On the 59th anniversary of the assassination of John F. Kennedy, readers want to know if the 35th president of the United States ever used marijuana.
Consider the timeframe: JFK was elected in 1960 and served until that awful day in Dallas in 1963. Marijuana had yet to catch on in a big way. Jazz musicians and beatniks were its biggest users from the '30s to the '50s. By the '60s, only the coolest cats smoked pot. That doesn't mean Kennedy wasn't cool. He was just 43 when he became president. So it's possible.
The main story that confirms this involves Mary Pinchot Meyer whom Kennedy allegedly had an affair with right in the White House, which had been reported by the National Inquirer in 1976 and repeated in Peter Collier and David Horowitz's 1984 book The Kennedys: An American Drama.

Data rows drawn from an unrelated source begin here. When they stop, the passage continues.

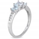 Let this Aquamarine and Diamond Three Stone Ring tell her your heart is hers. This ring features a square-cut (4mm) aquamarine in the center of this uniquely designed white gold ring and square-cut (3.5mm) aquamarine gemstones with 8 round-cut, channel-set diamond accents (G-H, I2-I3) shimmering along the band.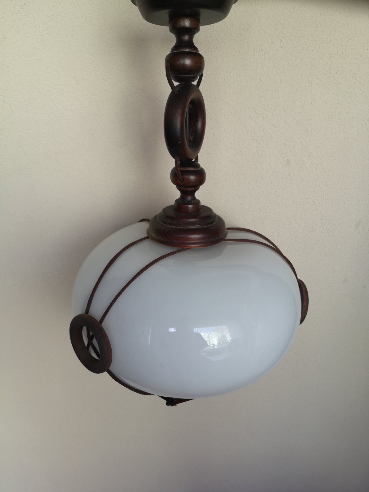 Ponúkam krásne stropné retro svietidlo, kombinácia sklo a drevo. Bez poškodení. Súčasťou je aj žiarovka E27.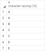 VALUES('A'), ('A'), ('B'), ('C'), ('C'), ('D'), ('E');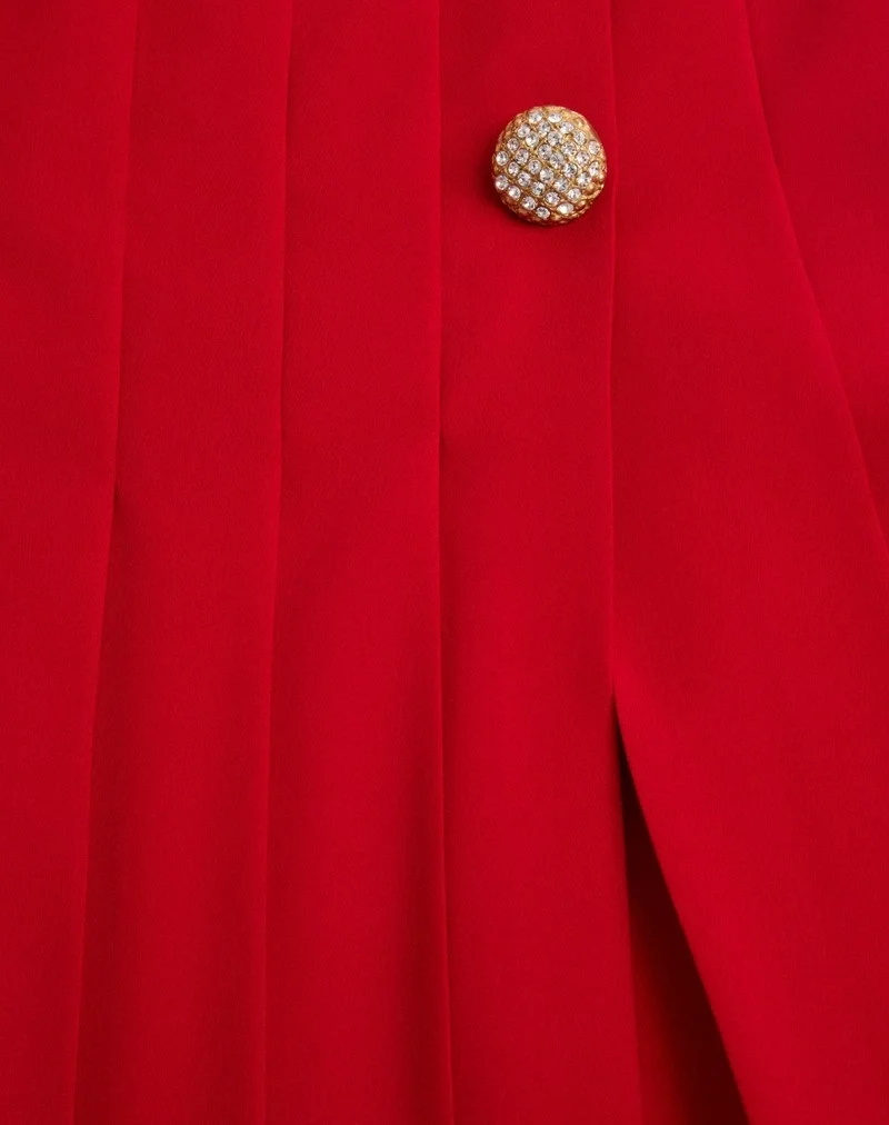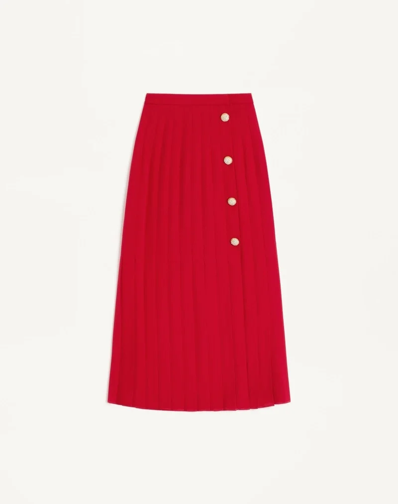 Georgette midi skirt with pleated workmanship embellished with jewel buttons and side slit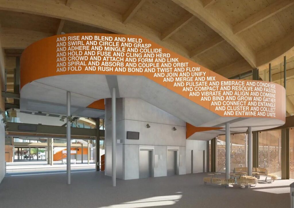 Together We is a major new public art commission created for Cambridge South Station by artist Mark Titchner [LINK].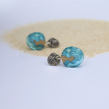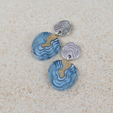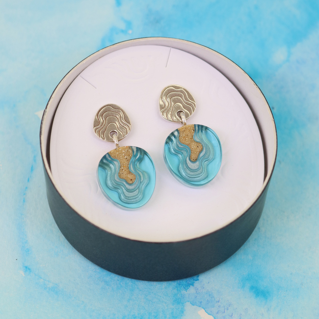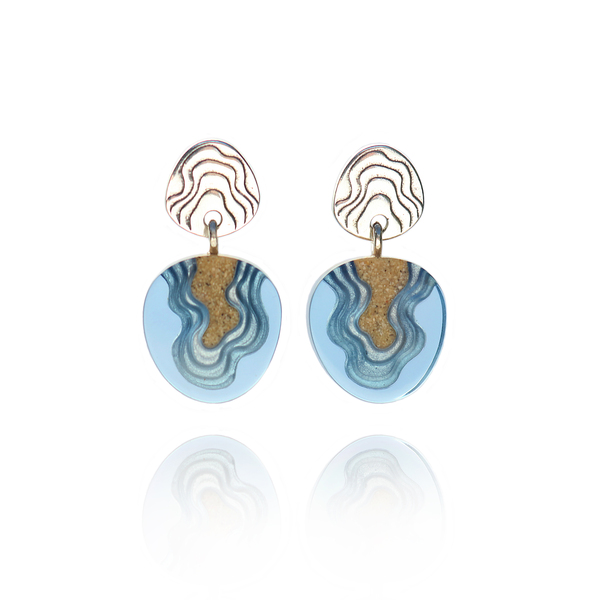 Our Cape earrings are carefully crafted from bonded sand combined with blue resin, emulating the geographic shape of a cape protruding into the ocean. Each earring dangles on an allergy-friendly stainless steel ear post featuring delicate topographic lines.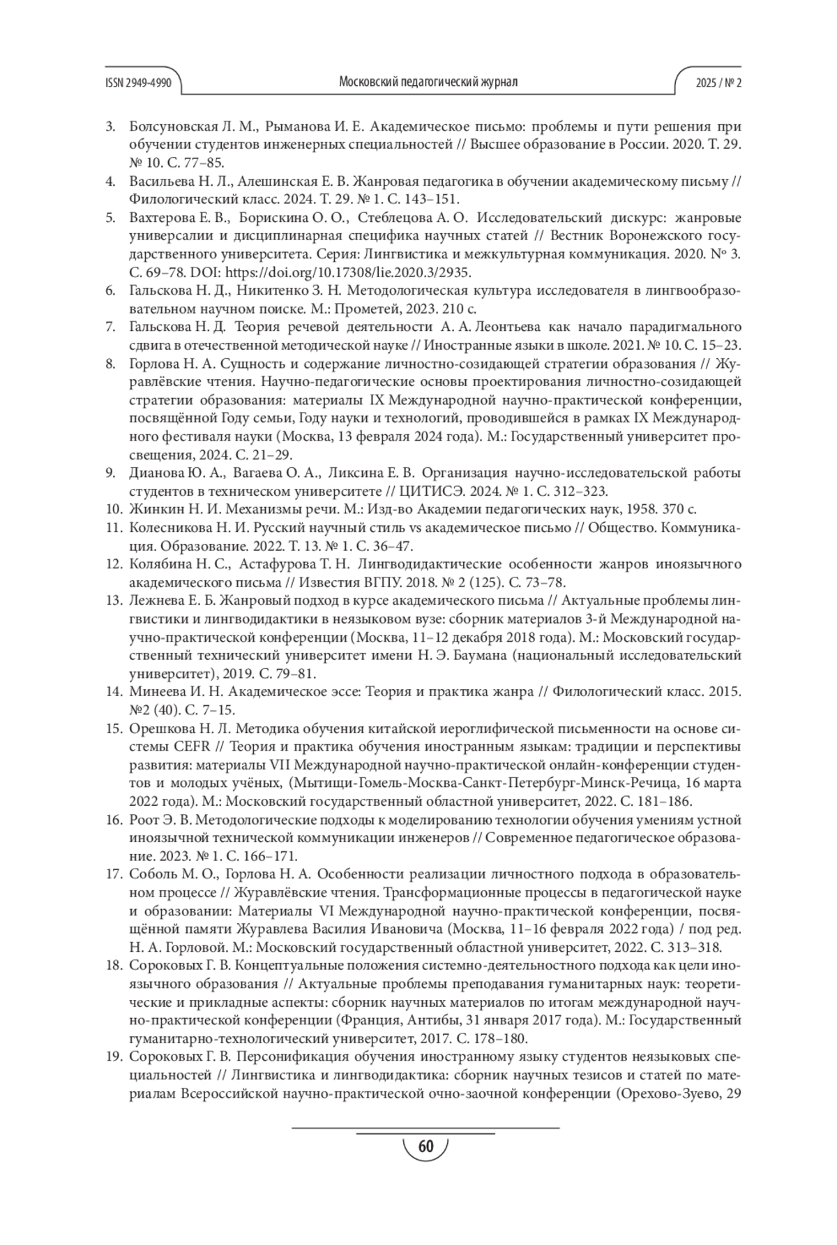 3. Болсуновская Л. М., Рыманова И. Е. Академическое письмо: проблемы и пути решения при обучении студентов инженерных специальностей // Высшее образование в России. 2020. Т. 29. № 10. C. 77-85. EDN: WINNEC

Meyer reportedly smoked marijuana with JFK in a White House bedroom and "joked with him about being high when it was time to push the nuclear button." Newsweek and New Times also confirmed this.
An associate of Meyer, former Washington Post reporter James Truitt, subsequently told the authors:
"On one occasion after JFK and Meyer had smoked marijuana, President Kennedy remarked that its effect was different from that of cocaine, which he had apparently tried and which he offered to bring to a future tryst. They smoked three of the joints before he (JFK) told her: ‘No more. Suppose the Russians did something now.'”
According to Truitt, on Apr. 16, 1962, Meyer "offered marijuana cigarettes to Kennedy." Their affair lasted from early 1962 to Kennedy's death on Nov. 22, 1963. A painter and writer from New York, Meyer met Kennedy through his brother Robert. Her husband Cord Meyer worked for the CIA and they lived in Washington, DC. After the Meyers divorced, she became involved with Kennedy. They would see each other when Jackie was away.
Meyer had a wide circle of friends that included Timothy Leary. “Mary’s visits to Timothy Leary during the time she was also Kennedy’s lover suggest that Kennedy knew more about hallucinogenic drugs than the CIA might have been telling him," says author NIna Burleigh. "No one has ever confirmed that Kennedy tried LSD with Mary. But the timing of her visits to Timothy Leary do coincide with her known private meetings with the president.”
Burleigh's 1998 book, A Very Private Woman: The Life and Unsolved Murder of Mary Meyer, explores Meyer's mysterious death at age 43 on Oct. 12, 1964.
Though JFK had a number of health issues, the conjecture that he also used marijuana for medicinal purposes is unproven.